The day after my first sensual/sexual experience with a man, I felt numb, but also wrong in my body. I couldn't formulate an opinion about what had happened physically, but I felt horrible about everything else. His behavior, his words; so much apathy, so much disagreeableness, so much greed. I wanted to smash my head against a wall for having allowed this to happen.
I started googling things, as one does, and began worrying about the possibility that this interaction could very well result in a pregnancy. I felt stupid too. All this education, all the time I had waited, and there I was; having made the stupidest mistake of them all, in such a short time and in such a simple way. I started reading about women saying they would never sleep with a stranger, let alone without protection. It made me feel dirty, regretful, ashamed—you name it. I also thought, "Damn, I get to feel this post-no-nut shame following my very first experience." Shame can poke through amphetamines and antidepressants just to tell you: damn, what was wrong with you, seriously? Also, what did you expect?
I was talking to an American guy I had matched with during the same period I had matched with yesterday’s idiot. He wanted to meet in two days and was very excited. I said yes. It was a weird collision of feelings; I was walking in absolute novelty—the disgust, the anger, the shame still so fresh—and also feeling for the first time in all my interactions with men, resilient, for moving on right away to the next guy. "This is how you do it. Fuck him! He's probably busy being a loser right now, while I'm onto the next guy, who wants to meet at this fancy hotel he’s staying in."

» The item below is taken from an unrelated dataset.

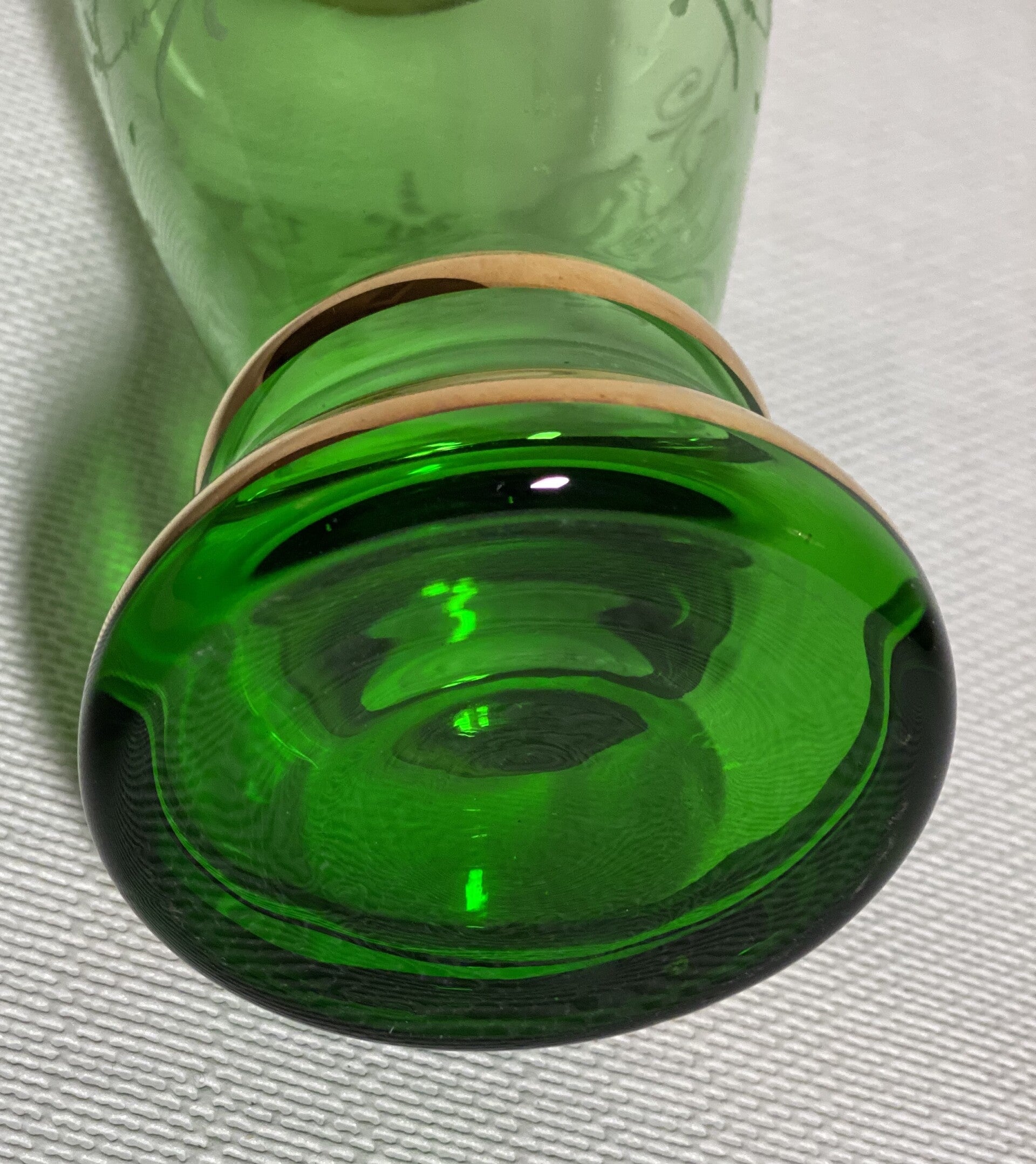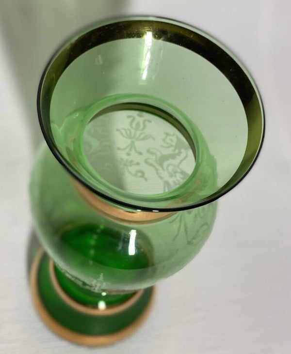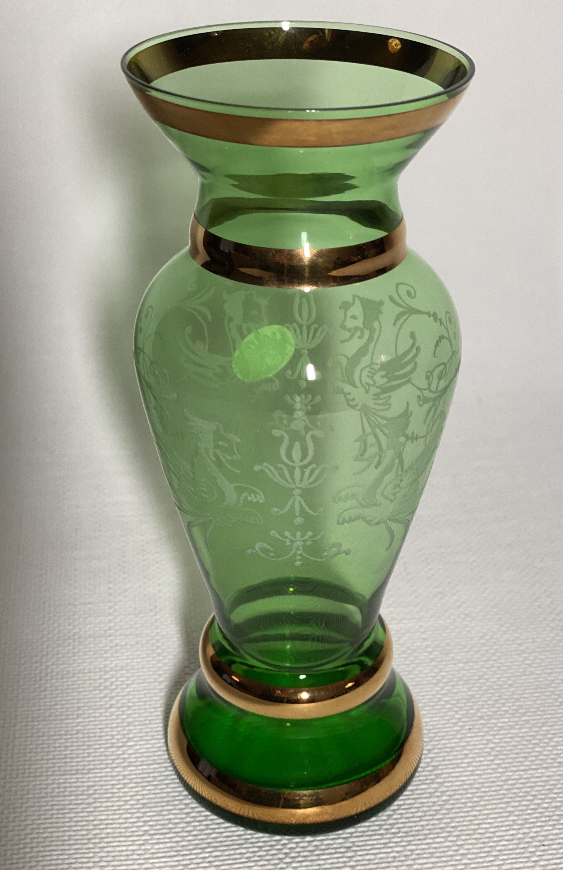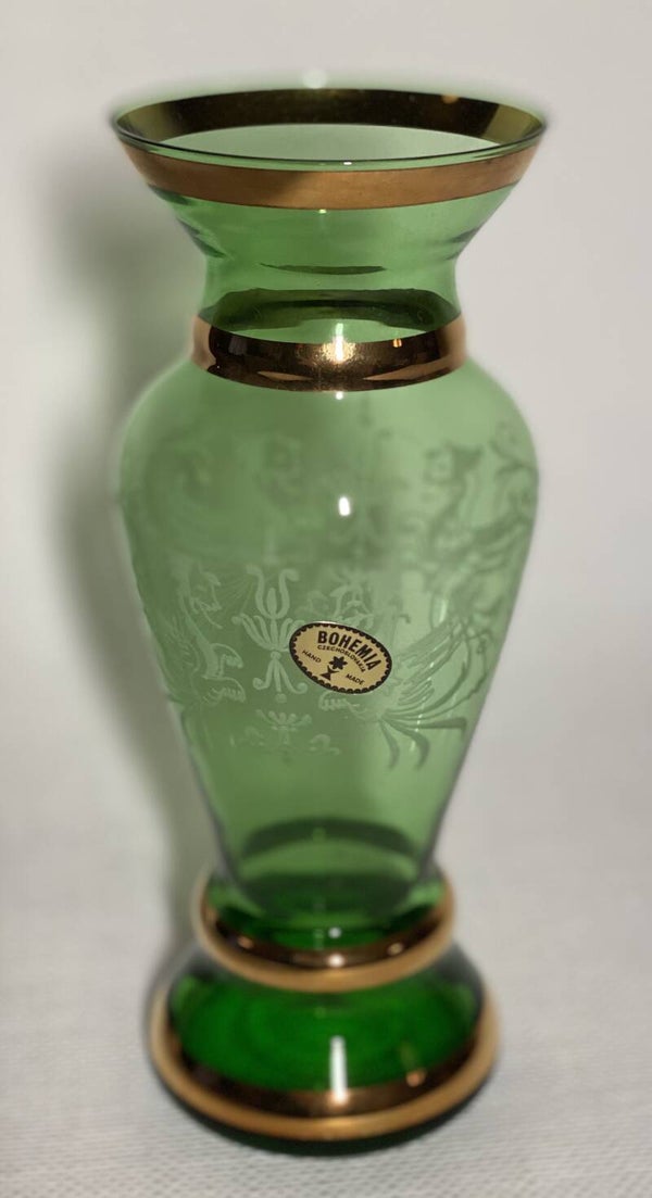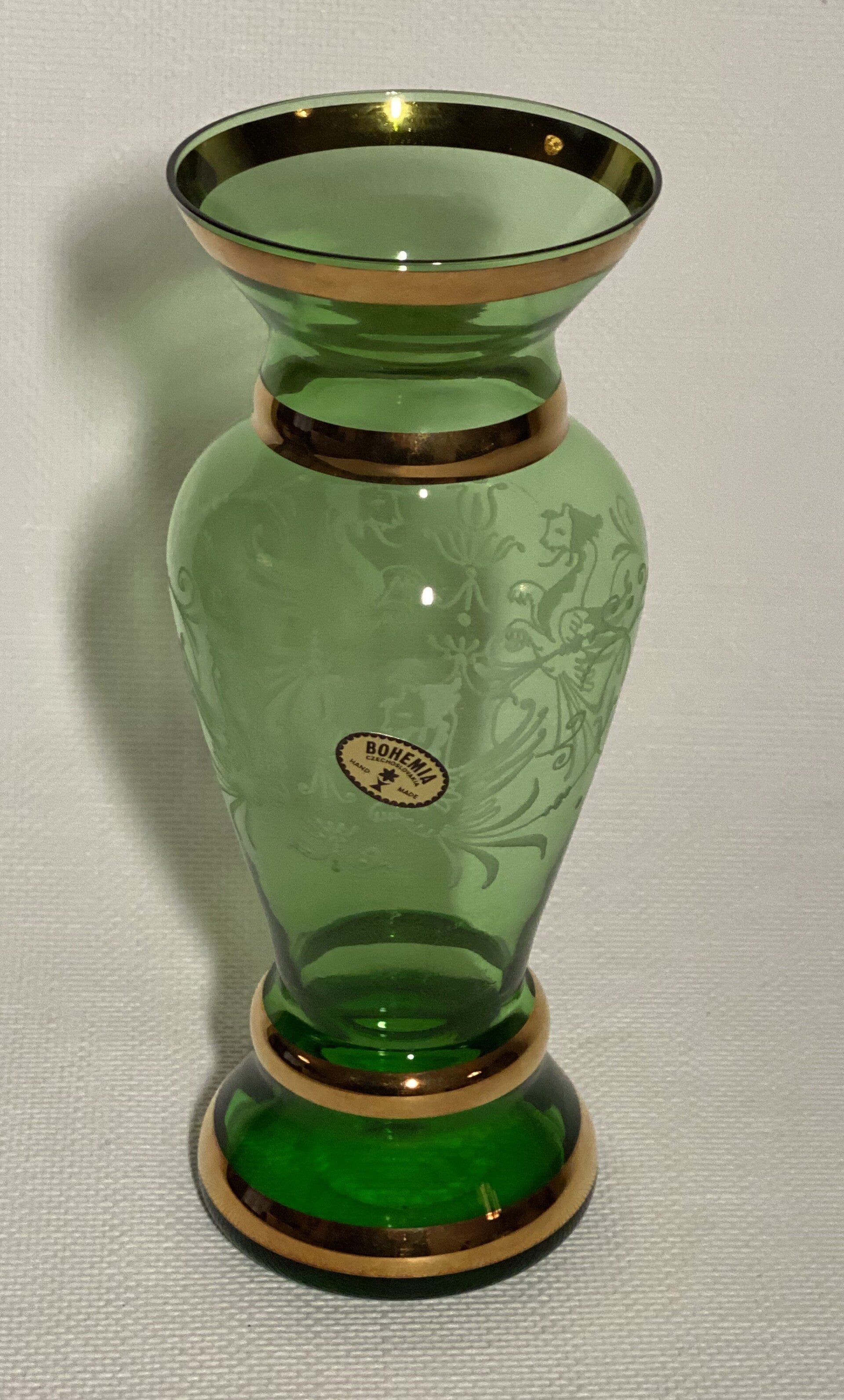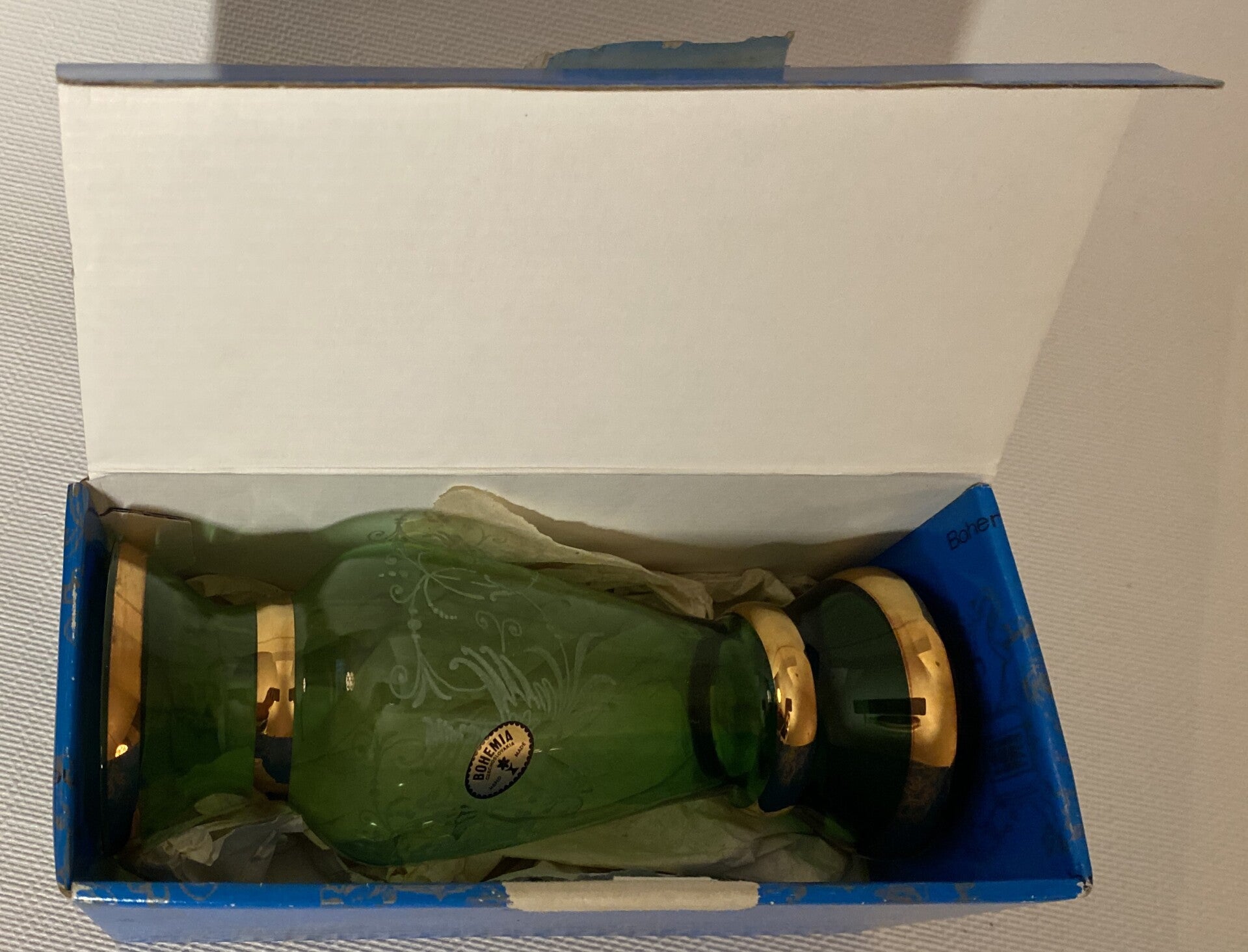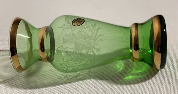 Emerald groene kristallen handgemaakte Bohemia Czechoslovakia vaas met goude decoratie.

The next day, I went out and bought a pregnancy test. Negative. I wanted to make sure. I started picturing the possibility of a fetus in my belly. His child. God no. God no. I went to the mirror and stared at my pussy, wondering if it had changed since last weekend. I googled some more and read about HPV, thinking about how he had run zero risks getting with me, while I took them all. I could get cancer one day because of yesterday's stupid encounter. I read about women on Reddit who had hysterectomies due to HPV infections. I cried. Finally, emotions.
That night, the American guy said he was leaving tomorrow, so the only time we could meet was that night or tomorrow early in the morning. I said I could come in the morning. I was usually horny first thing in the morning, and I needed some more time to rest and put myself back in the mood. Numb, not scared, and horny. Antidepressants, amphetamines, and beta blockers.
At 7:15 am the next day, like it was nothing, I was on the tube to his hotel. People were walking to their important and serious jobs, and I was on my way to meet a perfect stranger to do... I don't even know what. I didn't even want an orgasm. He had asked me beforehand to send him videos of me masturbating. I declined. I then understood that what I was doing wasn't fully sexual. I wanted to feel desired, to be touched, to feel closeness, to be seen, to be looked at, but my subconscious understood where my idea of nudity ended and that of my sexuality started. It solidified a realization I had started making when last weekend's stupid guy suggested we watch porn, and I instantly said no. Porn and masturbation were my sexuality. I didn't want to share that with him. My nudity had a sexuality I hadn't fully identified with nor appropriated due to the weight loss and body hair loss I had experienced in such a short time, so I wasn't uncomfortable sharing it with them. I wasn't comfortable doing it, but not as apprehensive or nervous as I would've been had it been my old body.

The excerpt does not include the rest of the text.